When Temple University researchers studied fat taken from obese and lean people, they found major differences in the way fat cells from the two groups behaved.
The fat cells from the obese people showed significant stress at a part of the cell responsible for the synthesis of proteins, known as the endoplasmic reticulum (ER).
This stress appears to lead to the production of specific proteins associated with insulin resistance, which plays a major role in obesity-related diabetes, says lead researcher Guenther Boden, MD.
There was also much more inflammation in the fat tissue from the obese study participants.
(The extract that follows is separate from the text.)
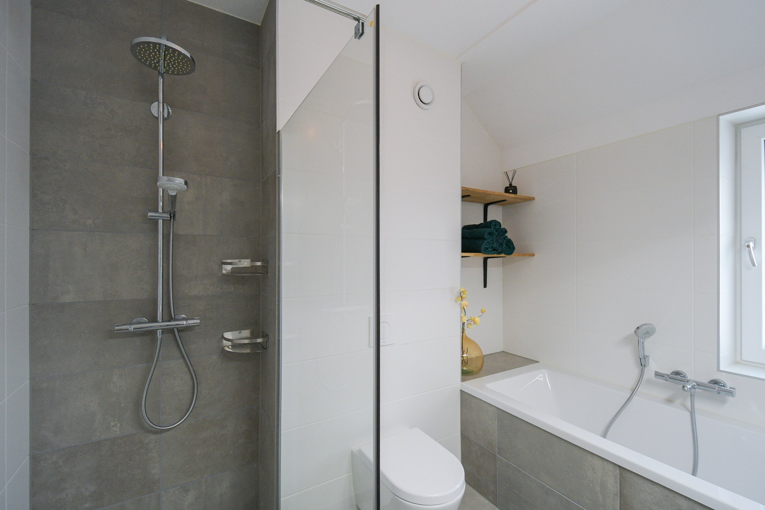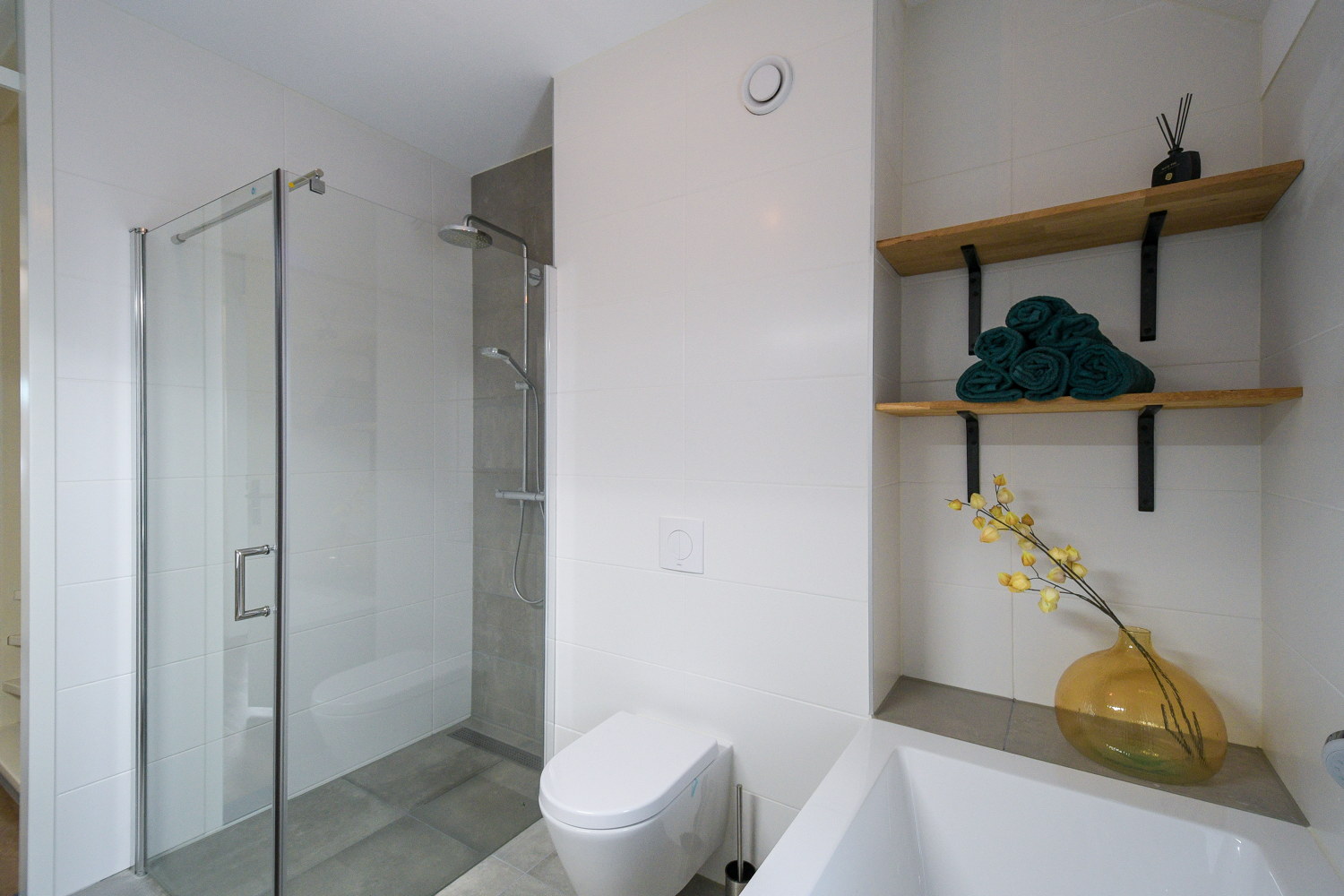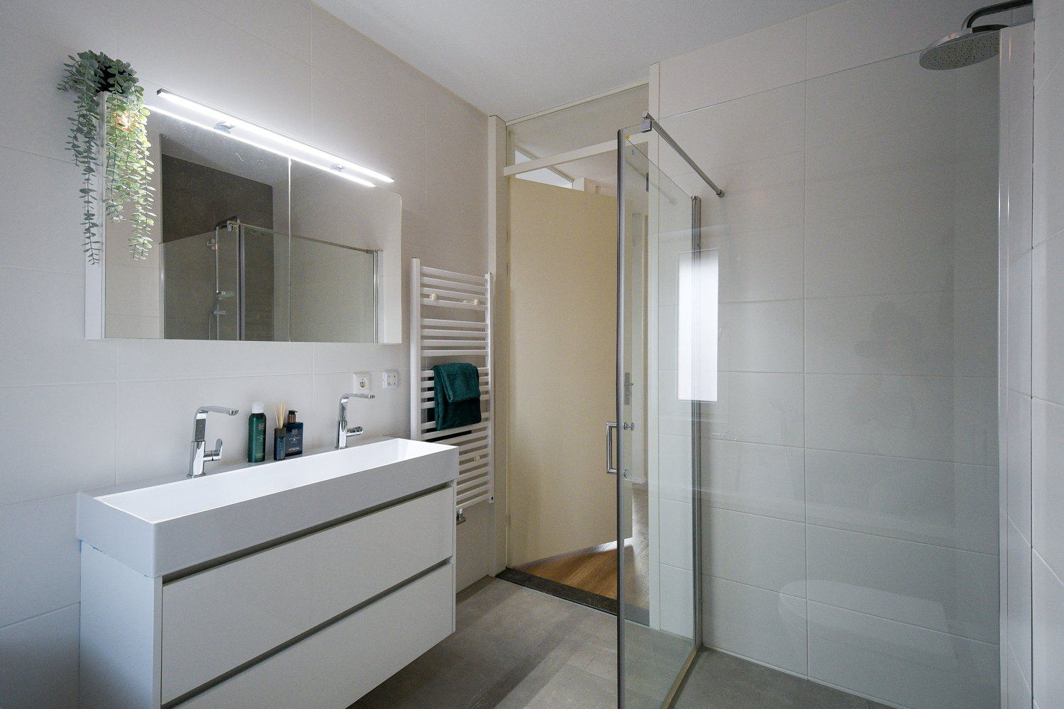 Dubbele wastafel, inloopdouche, ligbad, toilet, en wastafelmeubel

"This is the first human study to show that the fat in obese people is 'sick,' meaning that it does not function as it should," Boden tells WebMD.
The job of body fat is to store excess energy, or calories.
Boden says routinely taking in more calories than the body can use not only leads to weight gain, but it also appears to stress the fat tissue to the point where it becomes fatigued and dysfunctional.
"The bad health effects associated with obesity are probably not caused by the extra fat itself," he says. "They probably result from the constant overloading of the system with excess calories."
In the Temple study, Boden and colleagues performed cellular analysis on fat cells taken from the upper thighs of six normal-weight and six obese people. None of the obese study participants had diabetes.
The analysis revealed over-expression of several proteins related to energy and fat metabolism in the fat cells from obese people.
Specifically, levels of 19 proteins were higher in the fat cells from the obese people than the non-obese people, including three that were related to a specific ER stress-related response.
The researchers conclude that the endoplasmic reticulum might sense nutritional excess and translate that excess into metabolic and inflammatory responses.
Understanding Sick Cells
Boden says the findings could explain why diabetic people who have weight loss surgery often show dramatic improvements in insulin resistance within days of surgery, long before significant weight loss occurs.
"People have all kinds of theories about why bariatric surgery works the way it does, but the most simple and straightforward explanation is that the dramatic and immediate reduction in caloric intake is responsible for this improvement," he says.
Endocrinologist and diabetes researcher R. Paul Robertson, MD, tells WebMD that the findings are important because researchers have been trying to link ER stress to insulin resistance for some time.
Robertson is a professor of medicine and pharmacology at the University of Washington and the president-elect of medicine and science for the American Diabetes Association.
"We really don't understand what insulin resistance is," he says. "We know it exists, but we don't have a good molecular explanation for it. Studies like this one provide important clues."